A Unified Conditional Flow for Motion Generation, Editing, and Intra-Structural Retargeting

arXiv cs.AI / 4/16/2026

💬 OpinionSignals & Early TrendsIdeas & Deep AnalysisModels & Research

Key Points

  • The paper proposes a unified generative framework that treats text-driven motion editing and intra-structural retargeting as the same problem of conditional transport via flow matching.
  • It argues that editing and retargeting differ mainly in which conditioning signal (semantic from text vs. structural from target skeletons) is modulated during inference, enabling a single model to cover both tasks.
  • The authors implement a rectified-flow motion model that is jointly conditioned on text prompts and target skeletal structures, extending a DiT-style transformer with per-joint tokenization and joint self-attention to enforce kinematic dependencies.
  • A multi-condition classifier-free guidance strategy is used to balance text adherence with skeletal conformity, improving consistency versus fragmented task-specific pipelines.
  • Experiments on SnapMoGen and a multi-character Mixamo subset report that one trained model can perform text-to-motion generation as well as zero-shot editing and zero-shot intra-structural retargeting.

Abstract

Text-driven motion editing and intra-structural retargeting, where source and target share topology but may differ in bone lengths, are traditionally handled by fragmented pipelines with incompatible inputs and representations: editing relies on specialized generative steering, while retargeting is deferred to geometric post-processing.
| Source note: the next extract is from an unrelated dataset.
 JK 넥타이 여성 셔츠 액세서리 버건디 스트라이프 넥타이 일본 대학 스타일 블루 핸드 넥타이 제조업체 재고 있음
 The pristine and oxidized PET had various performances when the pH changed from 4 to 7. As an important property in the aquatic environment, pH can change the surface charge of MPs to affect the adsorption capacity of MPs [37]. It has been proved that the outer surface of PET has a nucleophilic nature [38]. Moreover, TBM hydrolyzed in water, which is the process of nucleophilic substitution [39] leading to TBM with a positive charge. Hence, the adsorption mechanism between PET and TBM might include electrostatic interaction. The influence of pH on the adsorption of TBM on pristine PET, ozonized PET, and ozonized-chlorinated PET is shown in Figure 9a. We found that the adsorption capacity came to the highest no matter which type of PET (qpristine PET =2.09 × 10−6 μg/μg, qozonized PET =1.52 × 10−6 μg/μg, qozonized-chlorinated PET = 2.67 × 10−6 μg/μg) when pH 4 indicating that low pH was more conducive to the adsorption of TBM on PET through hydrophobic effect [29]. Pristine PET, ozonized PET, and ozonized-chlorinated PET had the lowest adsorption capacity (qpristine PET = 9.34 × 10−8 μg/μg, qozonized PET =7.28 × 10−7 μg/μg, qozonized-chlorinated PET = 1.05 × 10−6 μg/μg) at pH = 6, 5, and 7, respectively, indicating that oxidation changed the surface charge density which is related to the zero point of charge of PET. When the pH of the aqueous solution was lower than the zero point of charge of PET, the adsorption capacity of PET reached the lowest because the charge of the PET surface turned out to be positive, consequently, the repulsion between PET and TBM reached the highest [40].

We present a unifying perspective where both tasks are cast as instances of conditional transport within a single generative framework. By leveraging recent advances in flow matching, we demonstrate that editing and retargeting are fundamentally the same generative task, distinguished only by which conditioning signal, semantic or structural, is modulated during inference. We implement this vision via a rectified-flow motion model jointly conditioned on text prompts and target skeletal structures. Our architecture extends a DiT-style transformer with per-joint tokenization and explicit joint self-attention to strictly enforce kinematic dependencies, while a multi-condition classifier-free guidance strategy balances text adherence with skeletal conformity. Experiments on SnapMoGen and a multi-character Mixamo subset show that a single trained model supports text-to-motion generation, zero-shot editing, and zero-shot intra-structural retargeting. This unified approach simplifies deployment and improves structural consistency compared to task-specific baselines.